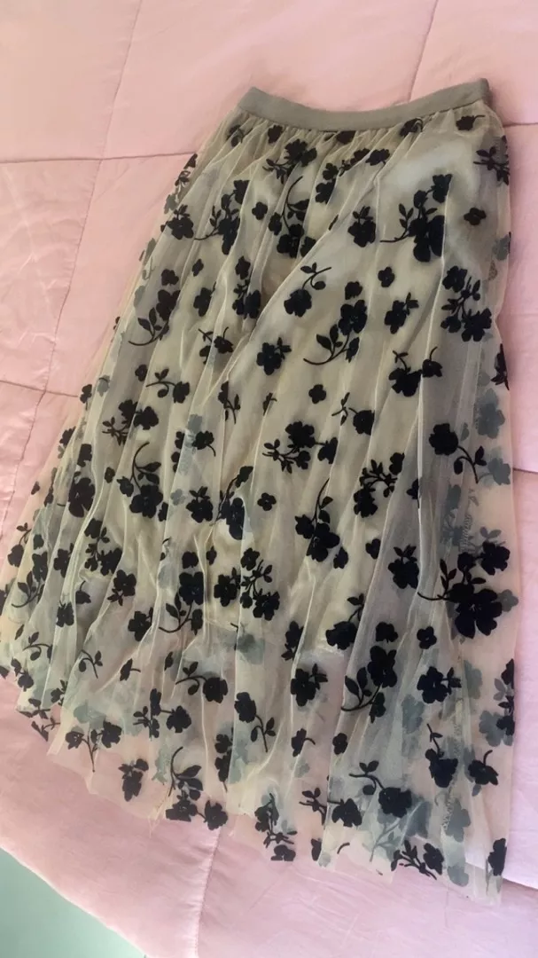 Esta saia tem 3 camadas 2 camadas de tule 1 forro A primeira camada de tule com flores de penugem costuradas
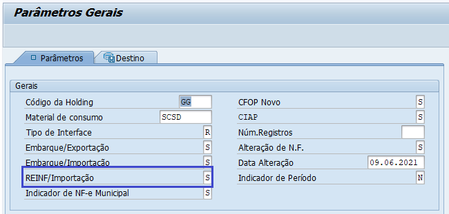 Vejam na imagem a seguir, o parâmetro - REINF/Importação e a sua regra na sequência:
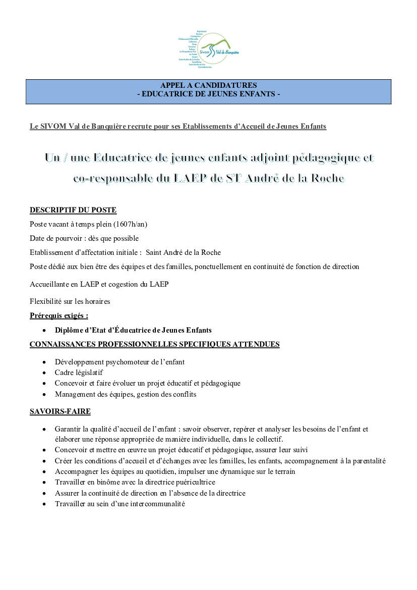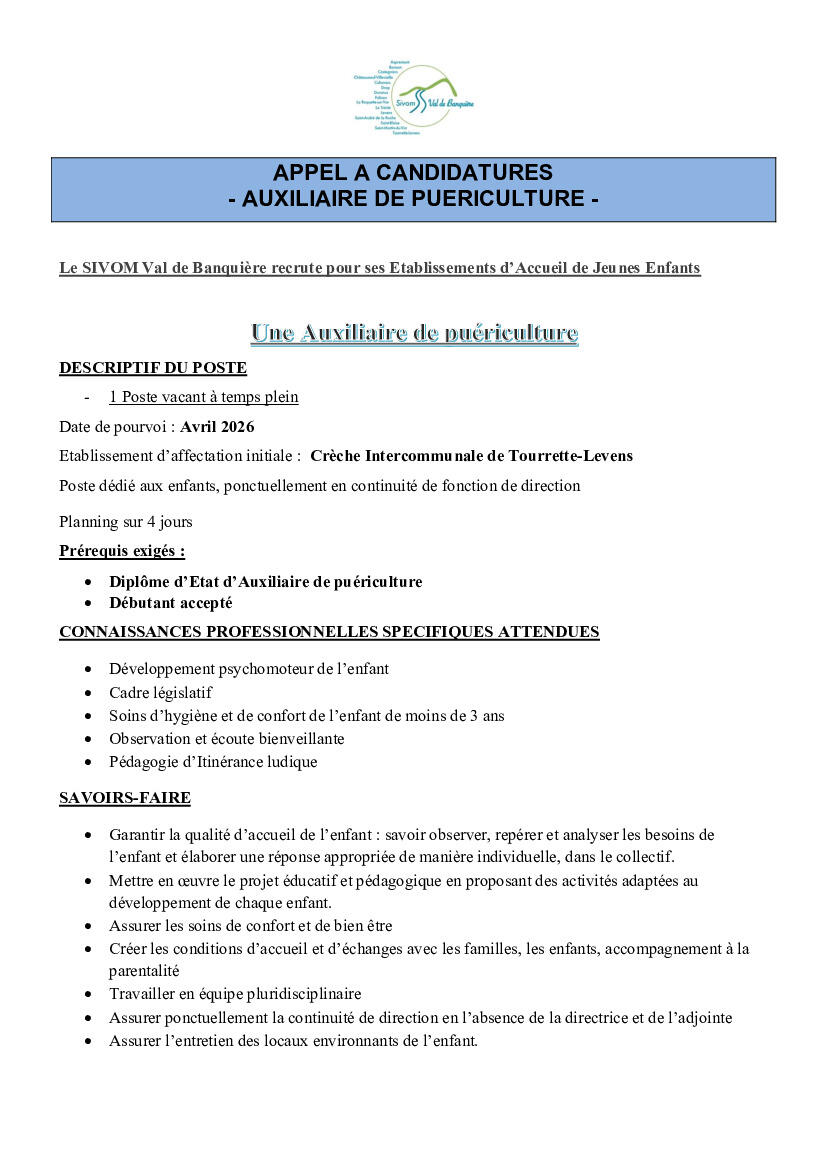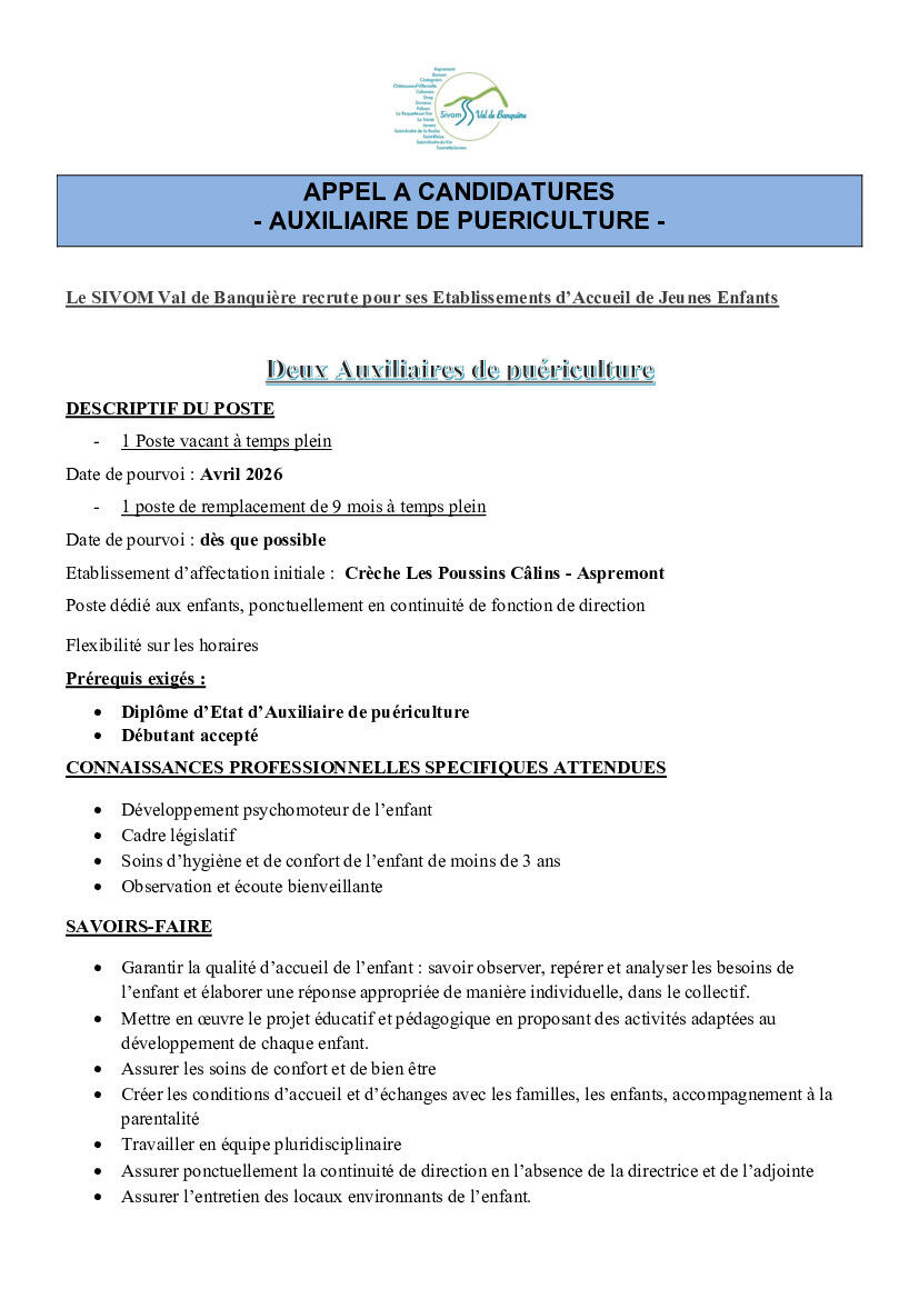 Offre d’emploi pour le relais Petite Enfance du SIVOM Val de Banquière
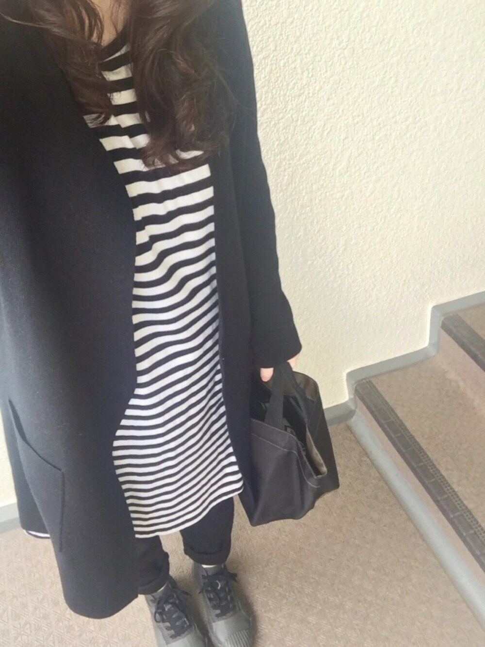 月曜日の祝日が珍しく休みなので 久しぶりの3連休初日 モノトーンコーデ 春らしさゼロ またボーダー
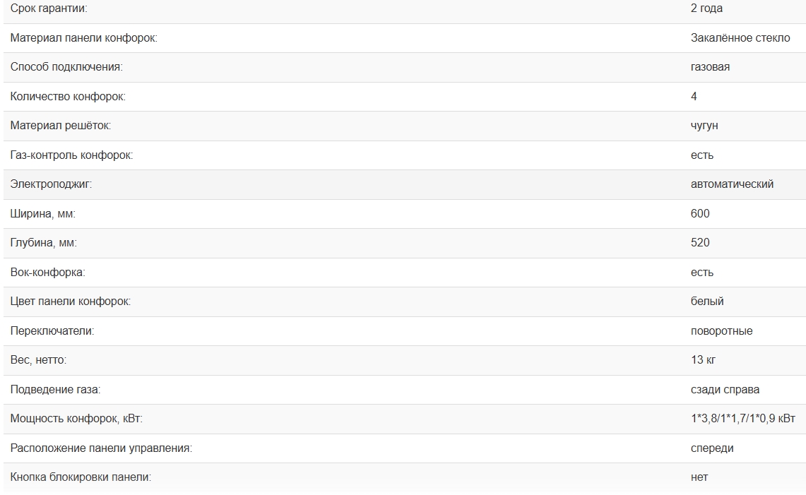 Всего конфорок |
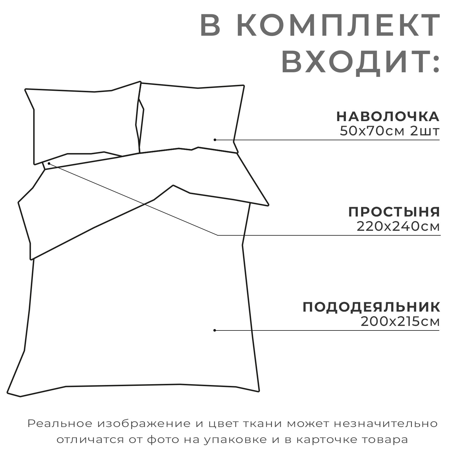 Постельное белье 2 спальное (двуспальное постельное) Этель "Cool Gray" 175*215, 200*220, 50*70+3-2 шт, бязь, 125г/м2
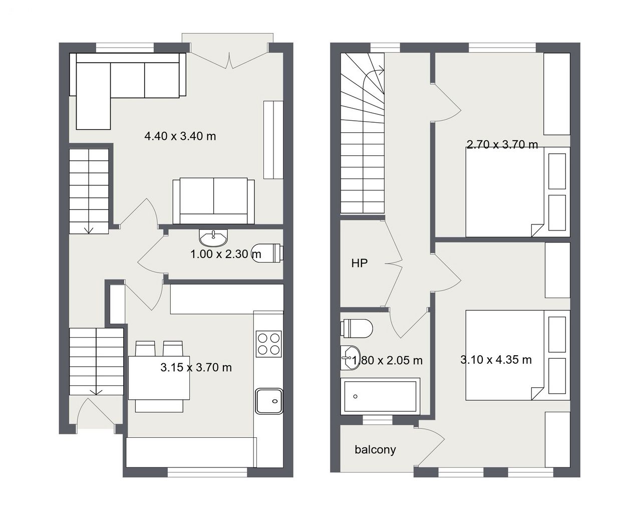 Upstairs, you will find two spacious bedrooms, each benefiting from great natural light and free-standing wardrobe space. The master bedroom enjoys direct access to its own private balcony, creating a lovely spot to unwind.
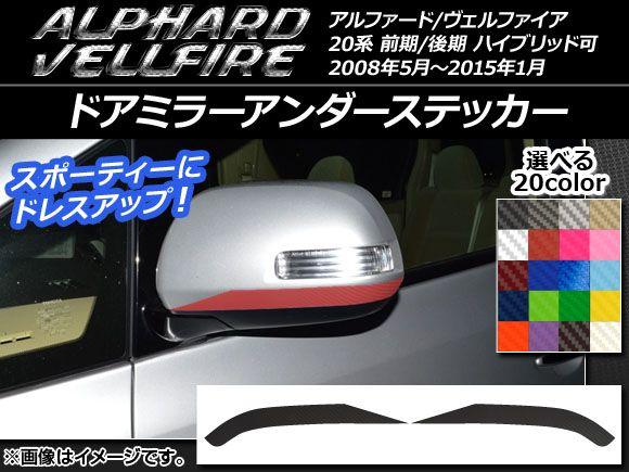 ドアミラーアンダーステッカー カーボン調 トヨタ アルファード/ヴェルファイア 20系 前期/後期 ハイブリッド可 選べる20カラー 入数:1セット(2枚) AP-CF707
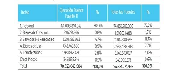 Ahora bien, si nos focalizamos en las Universidades Nacionales observamos que en 2017 el número de docentes universitarios ascendía a 189.218 sobre los cuales descansan las distintas funciones de enseñanza (grado y posgrado), extensión, gestión e investigación. Sin embargo, cuando analizamos la composición de la ejecución presupuestaria, también para el mismo año 2017, vemos que prácticamente el 80 % de los recursos se destina a salarios del personal docente y no docente como muestra el cuadro de abajo.
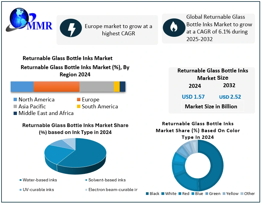 Global Returnable Glass Bottle Inks Market is witnessing steady growth as industries increasingly adopt eco-friendly packaging solutions and circular economy practices. According to the latest market research analysis, the Returnable Glass Bottle Inks Market size was valued at USD 1.57 billion in 2024 and is projected to grow at a compound annual growth rate (CAGR) of 6.1% from 2025 to 2032, reaching approximately USD 2.52 billion by 2032. The growth is largely fueled by rising environmental awareness, regulatory pressure to reduce single-use packaging, and the expansion of returnable bottle systems in the beverage industry.

-.-.-

● What you will do: The lines above from the line with "Vejam na imagem" through the line with "Постельное белье 2" are to be given again word for word, with no pictures among them.

● Reply:
 Vejam na imagem a seguir, o parâmetro - REINF/Importação e a sua regra na sequência:
 Offre d’emploi pour le relais Petite Enfance du SIVOM Val de Banquière
 月曜日の祝日が珍しく休みなので 久しぶりの3連休初日 モノトーンコーデ 春らしさゼロ またボーダー
 Всего конфорок |
 Постельное белье 2 спальное (двуспальное постельное) Этель "Cool Gray" 175*215, 200*220, 50*70+3-2 шт, бязь, 125г/м2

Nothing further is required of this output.